Output the whole listing below exactly, omitting the images.

_Data below_:
--- START ---

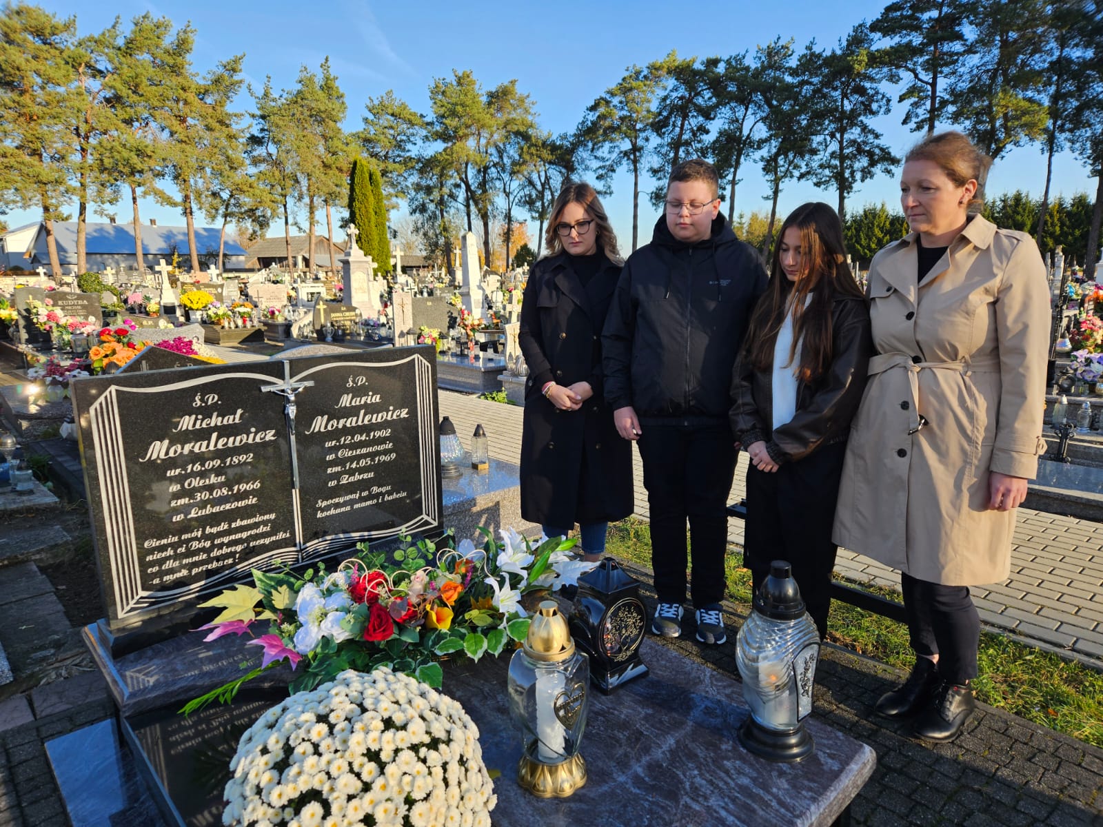 W piątek, 31 października, dyrektor szkoły wraz z przewodniczącą Rady Rodziców oraz opiekunem Samorządu i przedstawicielami Samorządu Uczniowskiego udali się na cmentarz w Cieszanowie, aby przed dniem Wszystkich Świętych oddać hołd Pani Marii Moralewicz, patronce naszej szkoły.
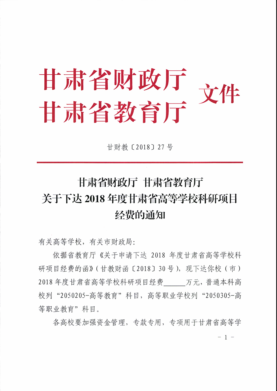 甘肅省財政廳 甘肅省教育廳關(guān)于下達2018年度甘肅省高等學(xué)??蒲许椖拷?jīng)費的通知.rar
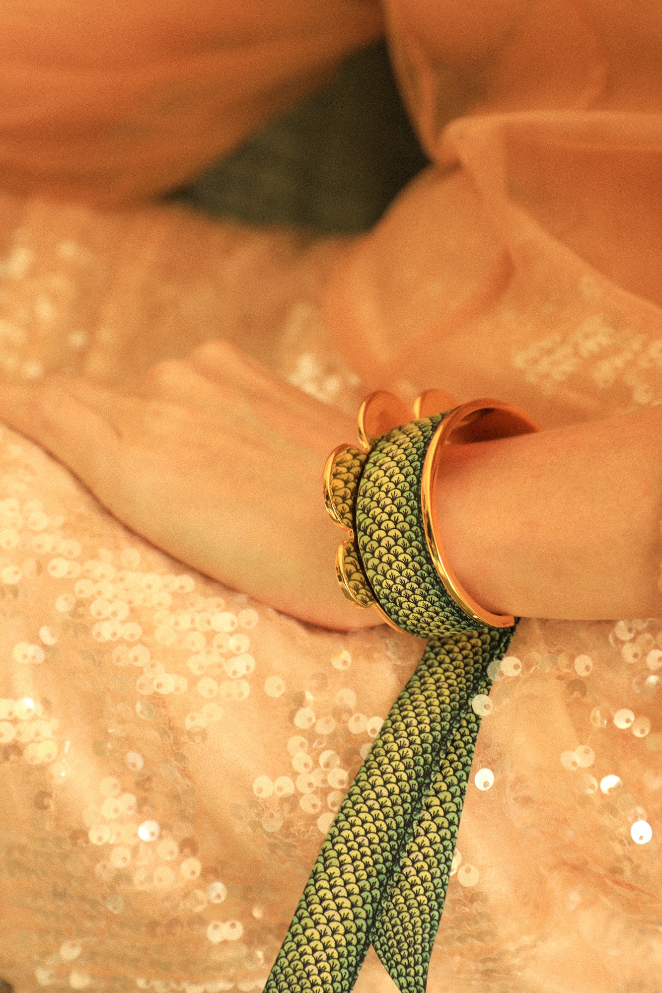 Puis, la manchette a été travaillée avec un effet miroitant assez extra : ce dernier permet de refléter intégralement le ruban en soie qui y est tissé ! Un effet trompe-l'oeil et visuel épatant.

--- END ---

_Your solution_:
 W piątek, 31 października, dyrektor szkoły wraz z przewodniczącą Rady Rodziców oraz opiekunem Samorządu i przedstawicielami Samorządu Uczniowskiego udali się na cmentarz w Cieszanowie, aby przed dniem Wszystkich Świętych oddać hołd Pani Marii Moralewicz, patronce naszej szkoły.
 甘肅省財政廳 甘肅省教育廳關(guān)于下達2018年度甘肅省高等學(xué)??蒲许椖拷?jīng)費的通知.rar
 Puis, la manchette a été travaillée avec un effet miroitant assez extra : ce dernier permet de refléter intégralement le ruban en soie qui y est tissé ! Un effet trompe-l'oeil et visuel épatant.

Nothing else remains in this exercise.